Recently I was part of a conversation about where we live and whether we are meant to live in that particular place. I wondered how many of us are in the place where we want to be. I think I am still looking for that place, and the reaction I got from my friends convinced me that many of us are not entirely comfortable in the place we find ourselves living out our lives.
Someone pointed out that perhaps we are meant to be in a certain place at a certain point in our lives and then, for whatever reason, we move on. I agree with this. There was a time in my life when I felt I was where I was meant to be, but eventually I left, and I would not go back.

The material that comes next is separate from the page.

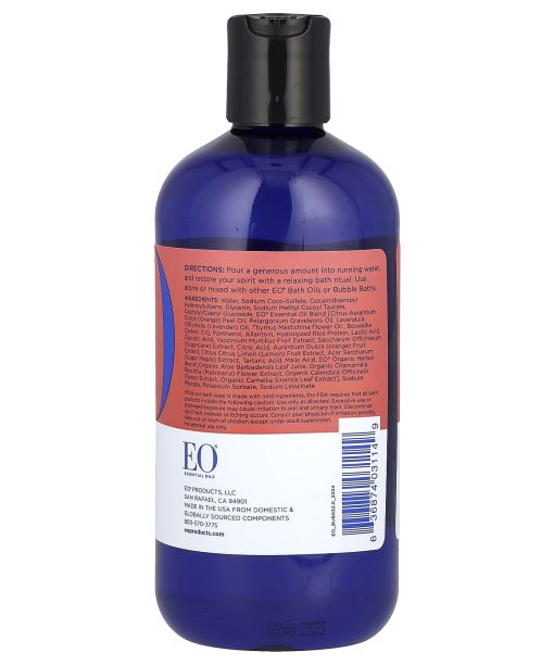 Water, sodium coco-sulfate, cocamidopropyl hydroxysultaine, glycerin, sodium methyl cocoyl taurate, caprylyl/capryl glucoside, eo® essential oil blend [citrus aurantium dulcis (orange) peel oil, pelargonium graveleons oil, lavandula officinalis (lavender) oil, thymus mastichina flower oil , boswellia carterii oil], panthenol, allantoin, hydrolyzed rice protein, lactic acid, glycolic acid, vaccinium myrtillus fruit extract, saccharum officinarum (sugarcane) extract, citric acid, aurantium dulcis (orange) fruit extract, citrus citrus limon (lemon) fruit extract, acer saccharum (sugar maple) extract, tartaric acid, malic acid, eo® organic herbal blend [organic aloe barbadensis leaf juice, organic chamomilla recutita (matricaria) flower extract, organic calendula officinalis flower extract, organic camellia sinensis leaf extract], sodium phytate, potassium sorbate, sodium levulinate.

And on a larger scale there are whole populations of peoples who, confined to or exiled from a territory redrawn by the exigencies of war and occupation, long for a home that no longer exists.
In his novel The Moon and Sixpence, W. Somerset Maugham, reflecting on this feeling of displacement, says:
I have an idea that some men are born out of their due place. Accident has cast them amid strangers in their birthplace, and the leafy lanes they have known from childhood or the populous streets in which they have played, remain but a place of passage. They may spend their whole lives aliens among their kindred and remain aloof among the only scenes they have ever known. Perhaps it is this sense of strangeness that sends men far and wide in the search for something permanent, to which they may attach themselves. Perhaps some deep-rooted atavism urges the wanderer back to lands which his ancestors left in the dim beginnings of history.
Sometimes a man hits upon a place to which he mysteriously feels that he belongs. Here is the home he sought, and he will settle amid scenes that he has never seen before, among men he has never known, as though they were familiar to him from his birth. Here at last he finds rest.
I have experienced this “sense of strangeness” and will, at some point, move on. So I must wait and wonder if, after I launch myself on my next journey, I will find myself in the place where I am meant to be.
I wonder if, when I am there, I will again feel that bracing sense of rightness.
The farm is where i felt that “I have always belonged here, this is where I am meant to be” feeling. Then it triggered the most difficult period of my life. But it also nurtured me through it. When I left, it also felt right. I had got what I went there for and it was time to move on. I have never felt that way anywhere else though I have definitely had other homes where I felt very comfortable and some which I knew were just temporary stepping stones.